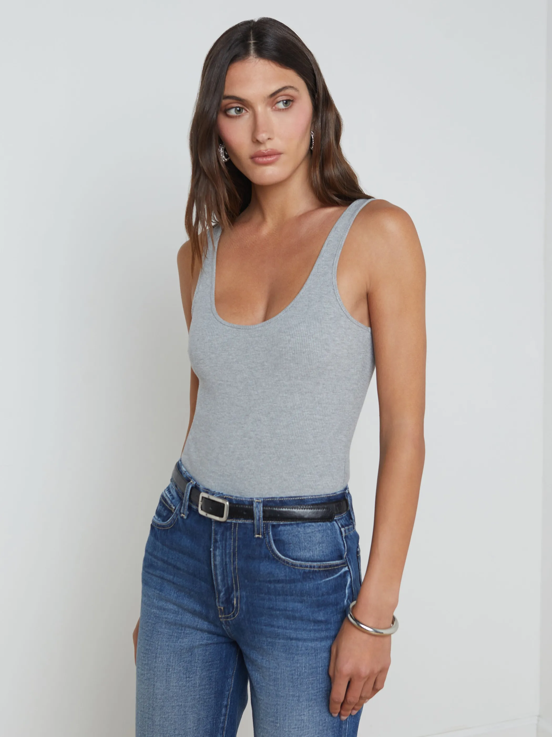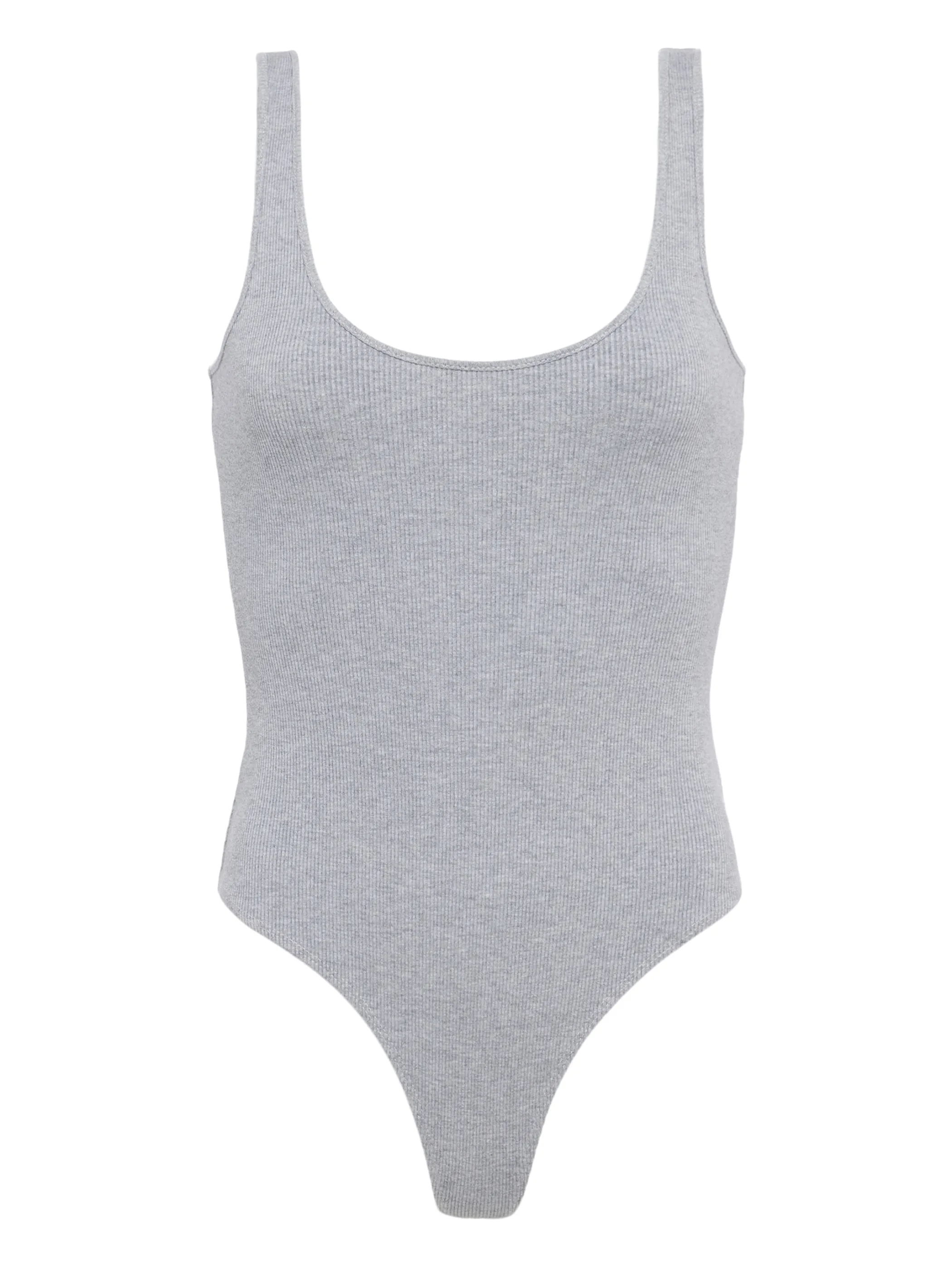 With a deep scoopneck and flattering, smooth fit, the Nica bodysuit is the ultimate base layer. Now in timeless heather gray.
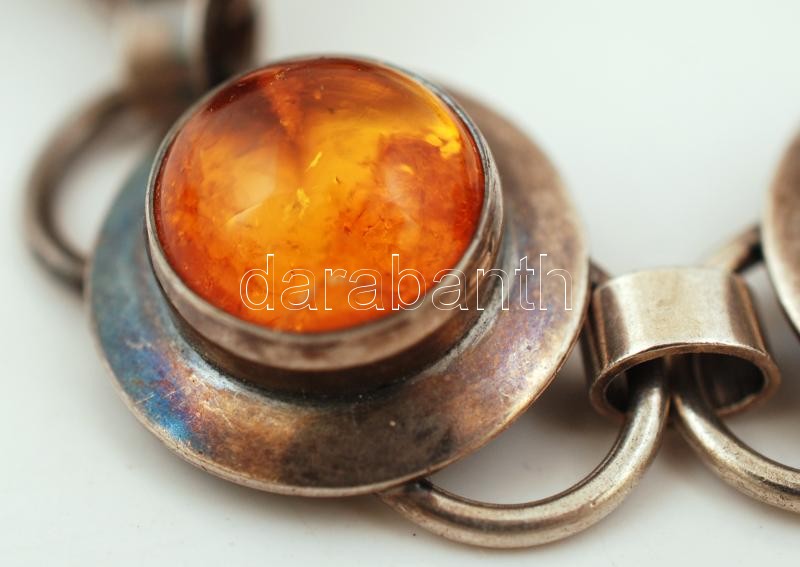 Leírás: Ezüst és borostyán karlánc / Silver and amber bracelet br: 29,2 g
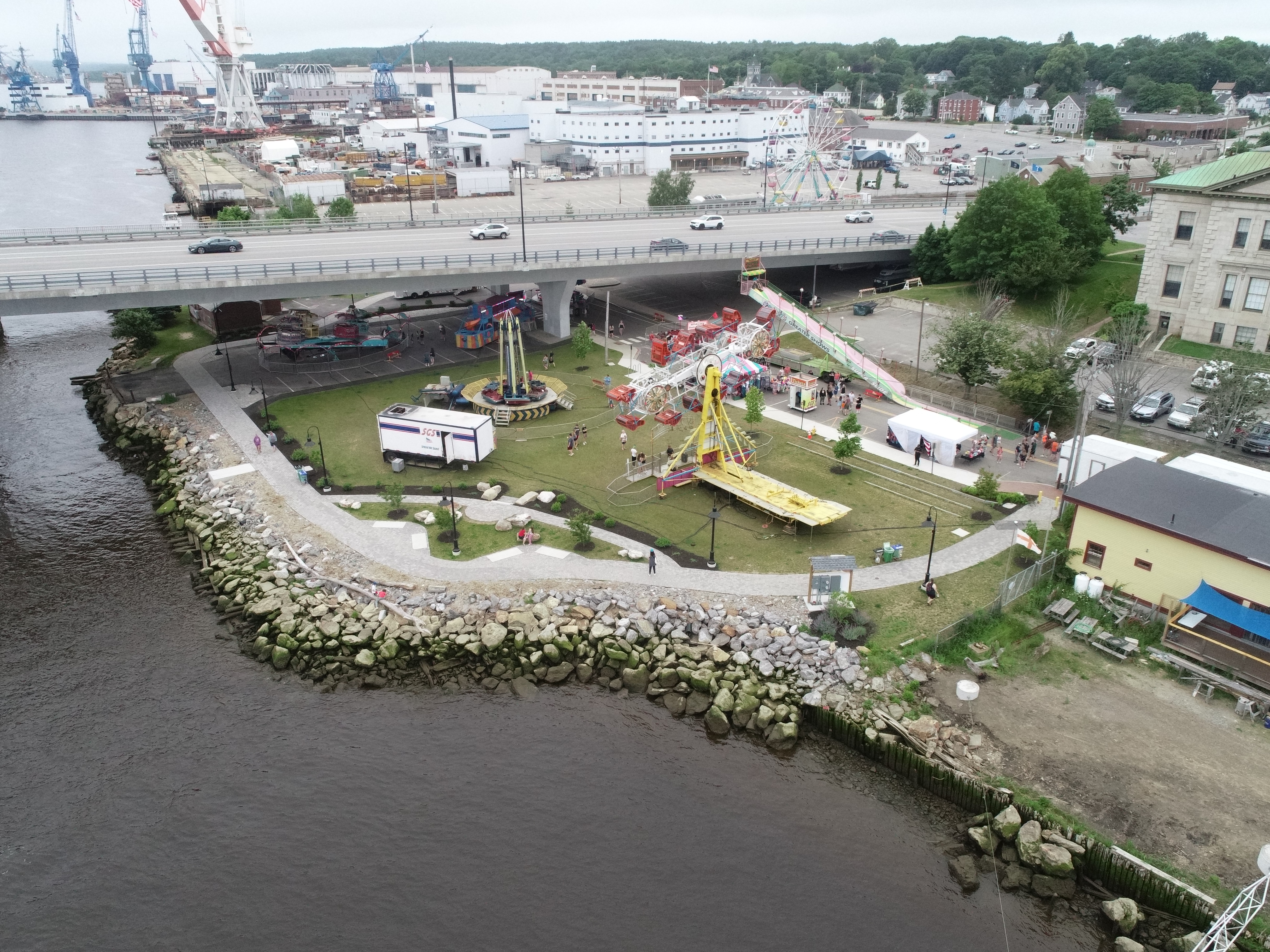 The City of Bath worked with The Guilford Transportation Industries, a state-owned property. The state agreed to use the space for a public park.
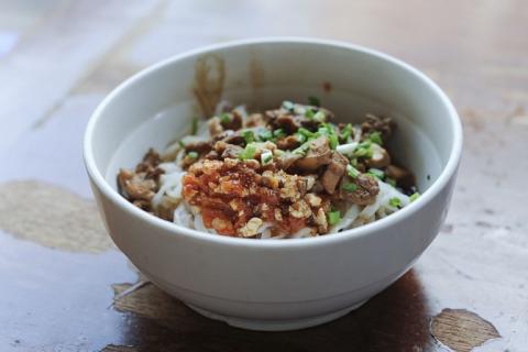Bát mỳ được chế biến với nước dùngthơm nồng vị tỏi và hạt tiêu đen, chan ngập trên lớp mỳ dài to sợi, thịt gà hoặc thịt bò xắt nhỏ có nước sốt tiêu cay ngọt được cho vào để thêm đậm vị.
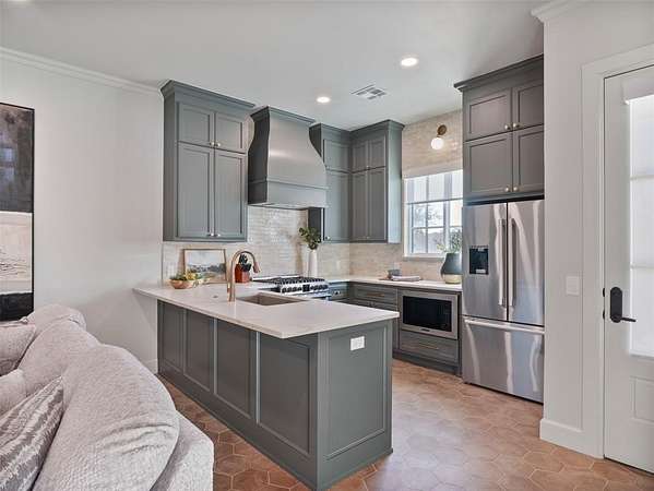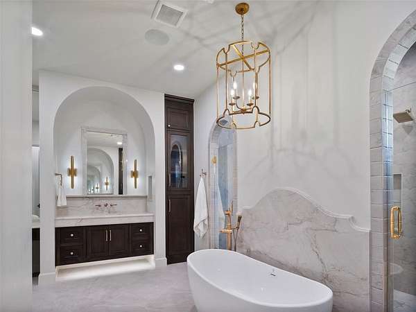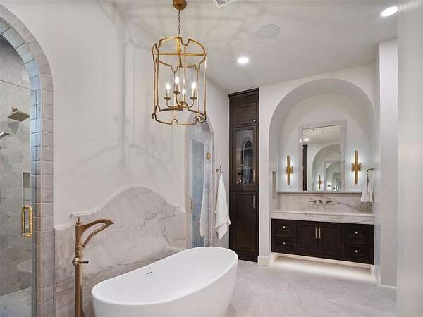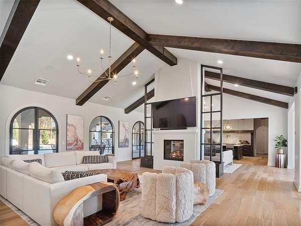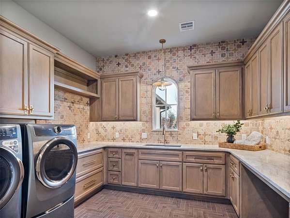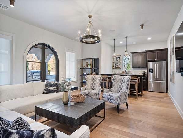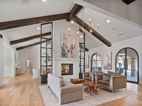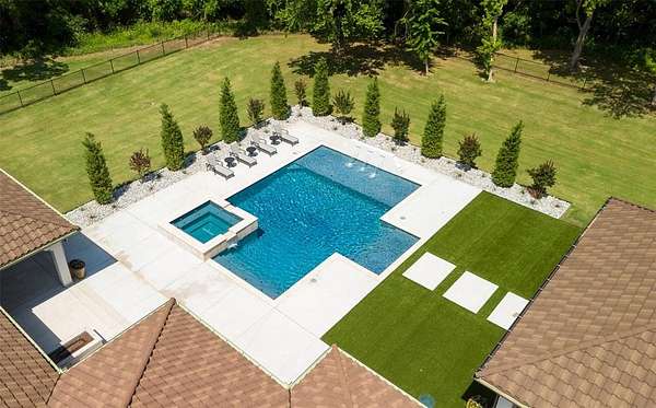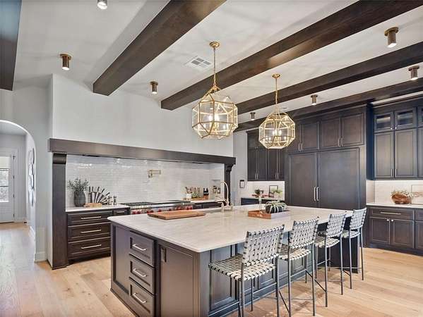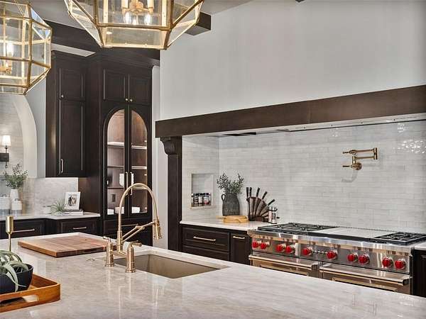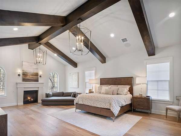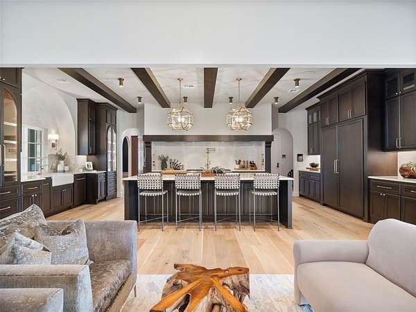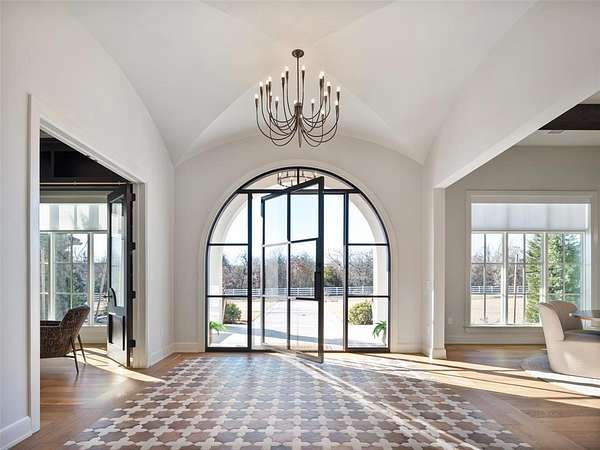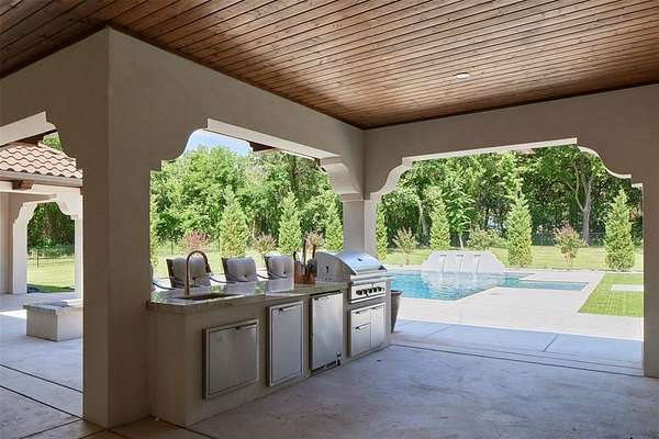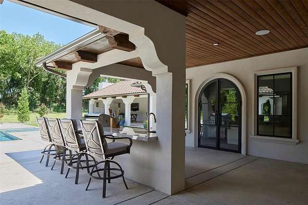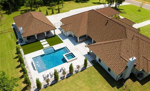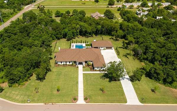 Welcome to this magnificent Spanish Revival estate nestled on 5 acres of pristine wooded land in Edmond Schools. This property seamlessly blends the elegance of Spanish architecture with modern luxury amenities. As you step inside, you'll be captivated by the expansive living room featuring a double-sided fireplace that opens to a cozy lounge area, creating a warm and inviting atmosphere for the entire family. The kitchen is a culinary dream come true, boasting a remarkable 60-inch commercial stove and a large central island, perfect for casual dining.The main residence offers 5 ensuite bedrooms, ensuring privacy and comfort for all family members. Additionally, a separate 763-square-foot guest home with its own bedroom, living area, and kitchenette is perfect for visitors or as a retreat space.This is included in the square footage. The grand groin ceiling in the entryway and the entertainment area with a wet bar in the game room are ideal for hosting guests and celebrating special moments. Movie night, anyone? We have a dedicated theater room for just that! The outdoor patio is an extension of indoor living, with a spacious layout, a firepit, and an outdoor kitchen, making it perfect for family gatherings and social events.The stunning pool is a sight to behold, and the generous green space offers endless opportunities for outdoor activities.The master suite is a serene retreat with its own fireplace, a walk-around shower, a freestanding tub, and a gigantic closet that will delight any fashion enthusiast. Additionally, there's a butler's pantry for easy entertaining and catering.This residence is truly exceptional and offers a luxurious lifestyle amidst nature's beauty. Come and discover the unique charm and elegance of this Spanish-inspired property! With 6 bedrooms including the guest home and a 6 car garage,this home has room for everyone! Equestrian lover?Horses, barns and workshops allowed.

WHAT NEEDS TO BE DONE
All of the records need to be reproduced exactly, with each picture omitted.

OUTPUT FOR THIS TASK
 With a deep scoopneck and flattering, smooth fit, the Nica bodysuit is the ultimate base layer. Now in timeless heather gray.
 Leírás: Ezüst és borostyán karlánc / Silver and amber bracelet br: 29,2 g
 The City of Bath worked with The Guilford Transportation Industries, a state-owned property. The state agreed to use the space for a public park.
Bát mỳ được chế biến với nước dùngthơm nồng vị tỏi và hạt tiêu đen, chan ngập trên lớp mỳ dài to sợi, thịt gà hoặc thịt bò xắt nhỏ có nước sốt tiêu cay ngọt được cho vào để thêm đậm vị.
 Welcome to this magnificent Spanish Revival estate nestled on 5 acres of pristine wooded land in Edmond Schools. This property seamlessly blends the elegance of Spanish architecture with modern luxury amenities. As you step inside, you'll be captivated by the expansive living room featuring a double-sided fireplace that opens to a cozy lounge area, creating a warm and inviting atmosphere for the entire family. The kitchen is a culinary dream come true, boasting a remarkable 60-inch commercial stove and a large central island, perfect for casual dining.The main residence offers 5 ensuite bedrooms, ensuring privacy and comfort for all family members. Additionally, a separate 763-square-foot guest home with its own bedroom, living area, and kitchenette is perfect for visitors or as a retreat space.This is included in the square footage. The grand groin ceiling in the entryway and the entertainment area with a wet bar in the game room are ideal for hosting guests and celebrating special moments. Movie night, anyone? We have a dedicated theater room for just that! The outdoor patio is an extension of indoor living, with a spacious layout, a firepit, and an outdoor kitchen, making it perfect for family gatherings and social events.The stunning pool is a sight to behold, and the generous green space offers endless opportunities for outdoor activities.The master suite is a serene retreat with its own fireplace, a walk-around shower, a freestanding tub, and a gigantic closet that will delight any fashion enthusiast. Additionally, there's a butler's pantry for easy entertaining and catering.This residence is truly exceptional and offers a luxurious lifestyle amidst nature's beauty. Come and discover the unique charm and elegance of this Spanish-inspired property! With 6 bedrooms including the guest home and a 6 car garage,this home has room for everyone! Equestrian lover?Horses, barns and workshops allowed.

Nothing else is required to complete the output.